** THE RECORDS follows **
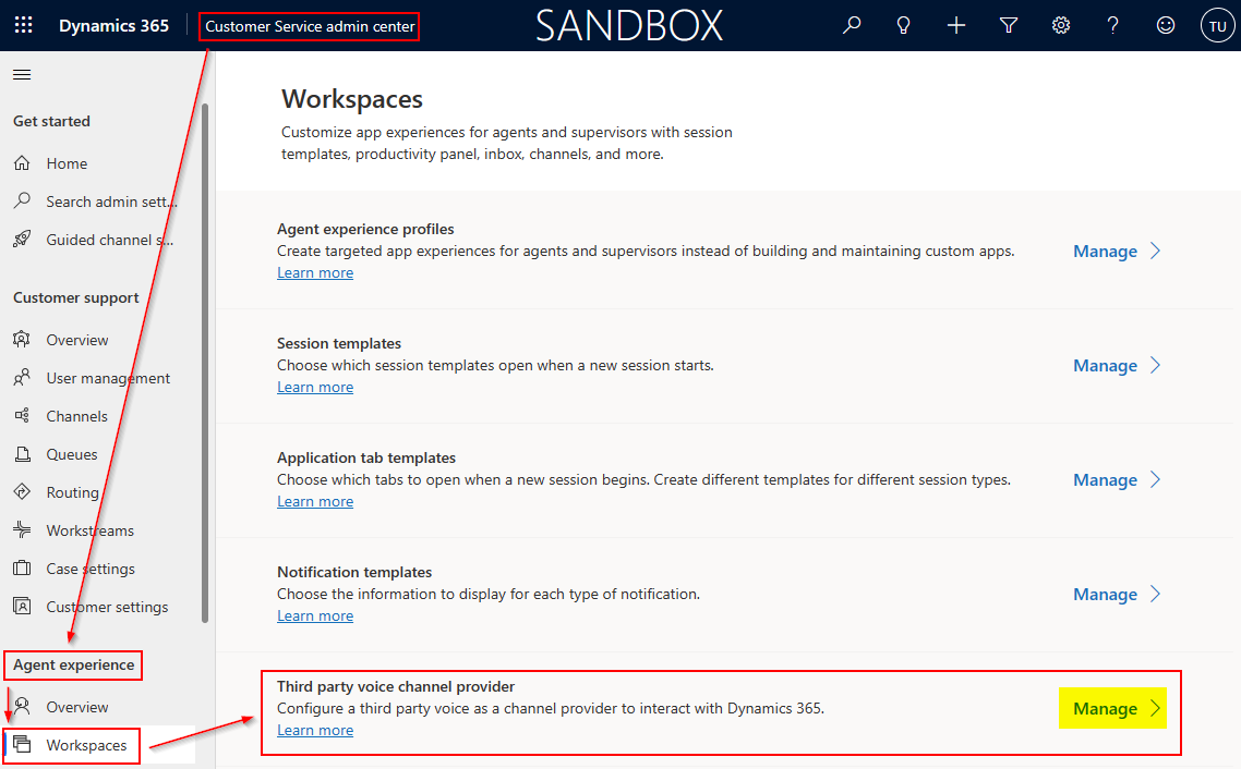 Navigate to Agent Experience | Workspaces from the side panel, and select the Manage under the Third party voice channel provider section.
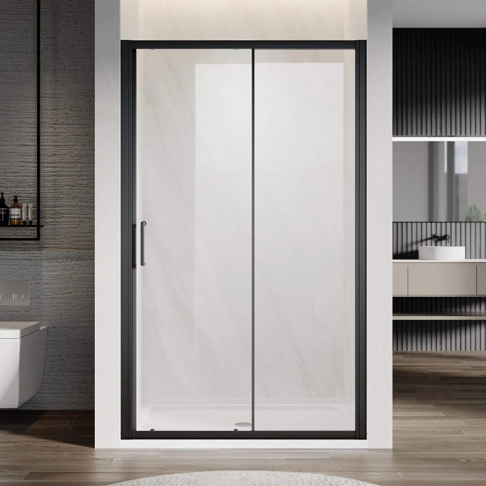 Glass options also play an important role. Clear glass highlights the frame itself, while frosted or textured glass adds privacy without sacrificing style. No matter the choice, the shower door black frame remains the defining feature.
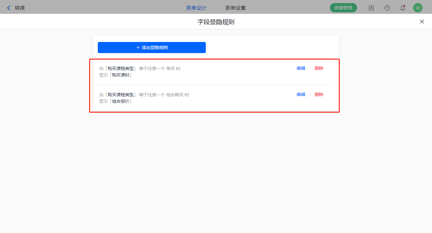 3)表单属性设置两条显隐规则,当【购买课程类型】字段等于单买,显示【购买课时】字段;当【购买课程类型】字段等于组合,显示【组合报价】字段;
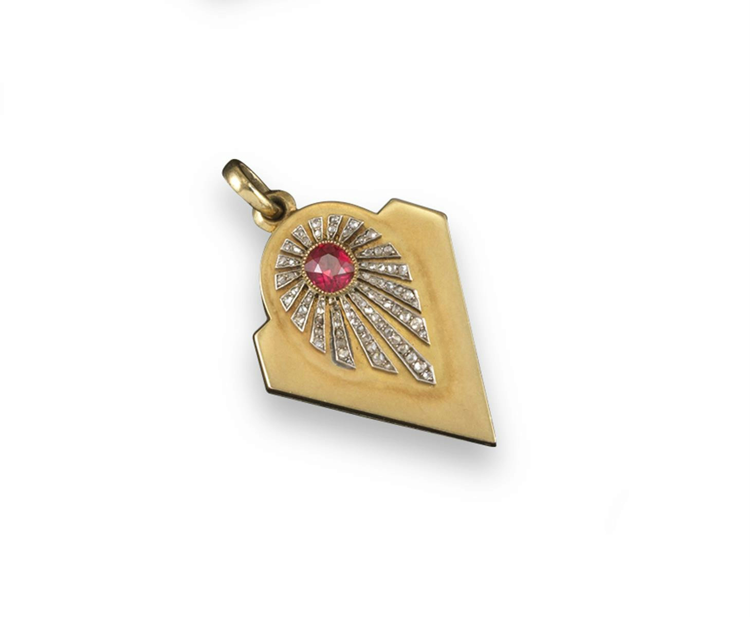 A gold shield shaped double locket pendant by Fabergé, workmaster August Hollming. The cover mounted with an oval shaped spinel within a burst of graduated rose cut diamonds. Opening to reveal two lockets. 3.5cm high. Marks - inside the back locket, workmaster's initials. AH with star between and kokoshnik with 56 zolotnik mark and St Petersburg alpha. In wooded box with later fitted section and the silk lining marked for Fabergé in Cyrillic beneath Imperial eagle.
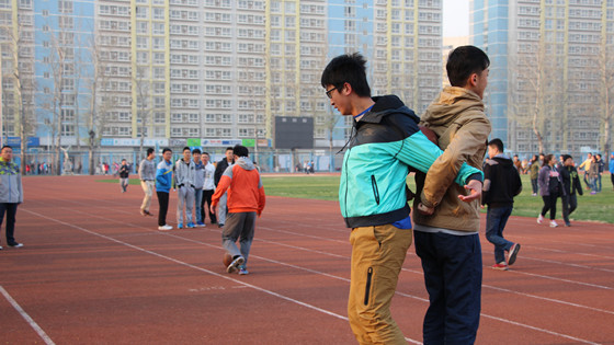 本科2014级利用早操时间开展素质拓展活动。素质拓展活动主要由“坐地起身”与“背夹球”两个项目组成。
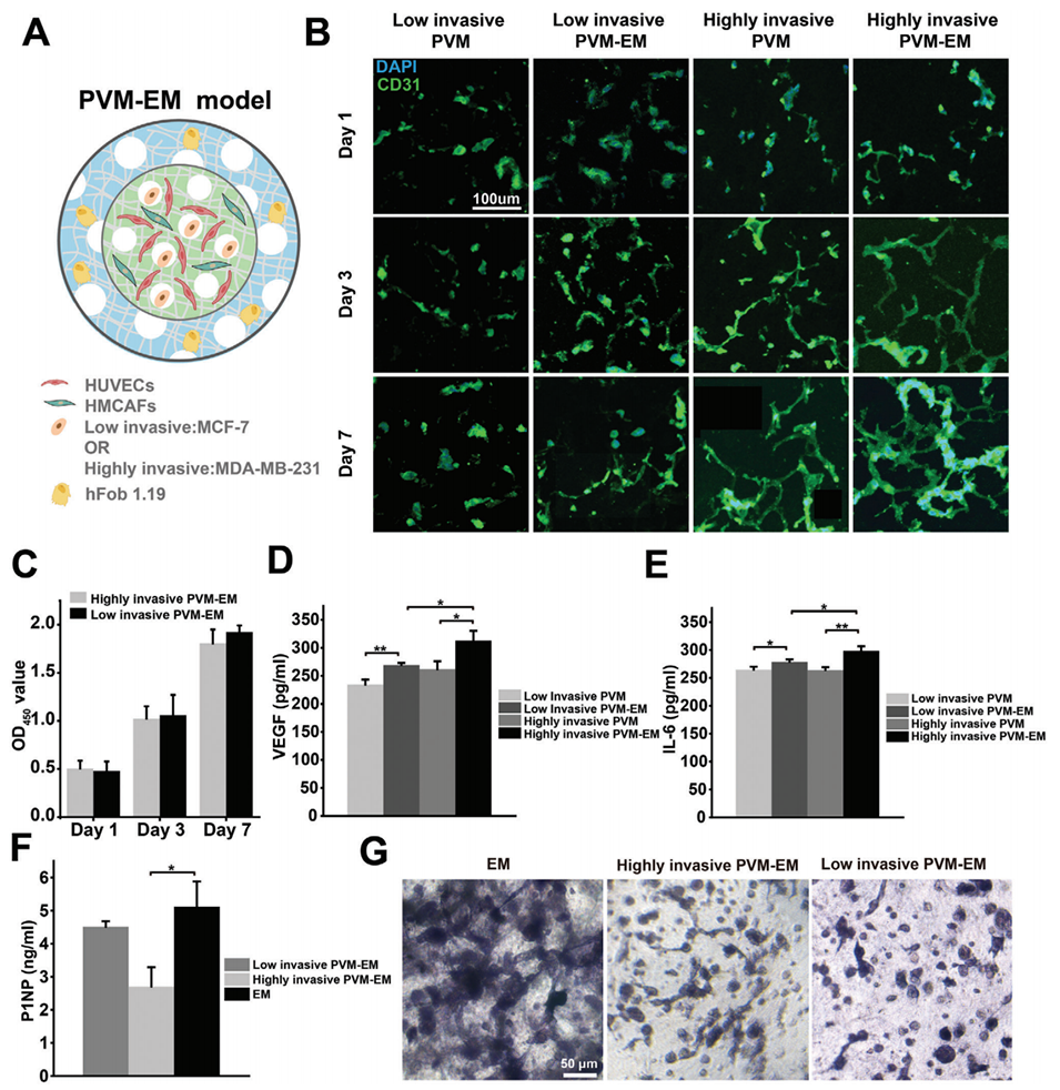 图6:多微环境模型的构建。A:示意图展示了在PVM-EM模型中不同细胞类型的分布情况。B:在不同培养时间下,不同模型中CD31的表达水平。C:两种PVM-EM模型在1、3、7天时的OD450值。D-F:在培养7天时,不同模型中VEGF、IL-6和P1NP的分泌水平。G:在培养7天时,不同模型中ALP的染色结果。结果显示,PVM-EM模型能够有效模拟乳腺癌骨转移早期的关键过程,包括细胞因子分泌增加、血管生成和成骨活性抑制。
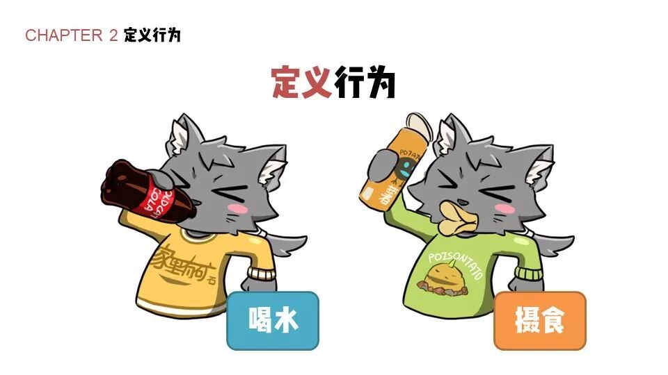 这里也可以举一个例子,我们就拿一位没有到现场的不愿意透露姓名的物种日历编辑老猫老师来举例子。我们可以把老猫老师喝可乐的行为定义为喝水,还可以把他吃薯片的行为定义为摄食。大家看到了,这个定义可以是非常主观的,但是在主观之余,还有两件很重要的事情一定要注意。
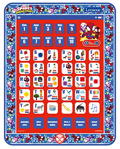 Lexibook, Spidey & hans supervänner, pedagogisk tvåspråkig inlärningsbricka, leksak för att lära sig alfabetet bokstäver siffror ord stavning musik, engelska/tyska, JCPAD002SPi3
** End of THE RECORDS **
ACTIVITY: Copy the records exactly. Skip the images.

ANSWER TO THIS TASK:
 Navigate to Agent Experience | Workspaces from the side panel, and select the Manage under the Third party voice channel provider section.
 Glass options also play an important role. Clear glass highlights the frame itself, while frosted or textured glass adds privacy without sacrificing style. No matter the choice, the shower door black frame remains the defining feature.
 3)表单属性设置两条显隐规则,当【购买课程类型】字段等于单买,显示【购买课时】字段;当【购买课程类型】字段等于组合,显示【组合报价】字段;
 A gold shield shaped double locket pendant by Fabergé, workmaster August Hollming. The cover mounted with an oval shaped spinel within a burst of graduated rose cut diamonds. Opening to reveal two lockets. 3.5cm high. Marks - inside the back locket, workmaster's initials. AH with star between and kokoshnik with 56 zolotnik mark and St Petersburg alpha. In wooded box with later fitted section and the silk lining marked for Fabergé in Cyrillic beneath Imperial eagle.
 本科2014级利用早操时间开展素质拓展活动。素质拓展活动主要由“坐地起身”与“背夹球”两个项目组成。
 图6:多微环境模型的构建。A:示意图展示了在PVM-EM模型中不同细胞类型的分布情况。B:在不同培养时间下,不同模型中CD31的表达水平。C:两种PVM-EM模型在1、3、7天时的OD450值。D-F:在培养7天时,不同模型中VEGF、IL-6和P1NP的分泌水平。G:在培养7天时,不同模型中ALP的染色结果。结果显示,PVM-EM模型能够有效模拟乳腺癌骨转移早期的关键过程,包括细胞因子分泌增加、血管生成和成骨活性抑制。
 这里也可以举一个例子,我们就拿一位没有到现场的不愿意透露姓名的物种日历编辑老猫老师来举例子。我们可以把老猫老师喝可乐的行为定义为喝水,还可以把他吃薯片的行为定义为摄食。大家看到了,这个定义可以是非常主观的,但是在主观之余,还有两件很重要的事情一定要注意。
 Lexibook, Spidey & hans supervänner, pedagogisk tvåspråkig inlärningsbricka, leksak för att lära sig alfabetet bokstäver siffror ord stavning musik, engelska/tyska, JCPAD002SPi3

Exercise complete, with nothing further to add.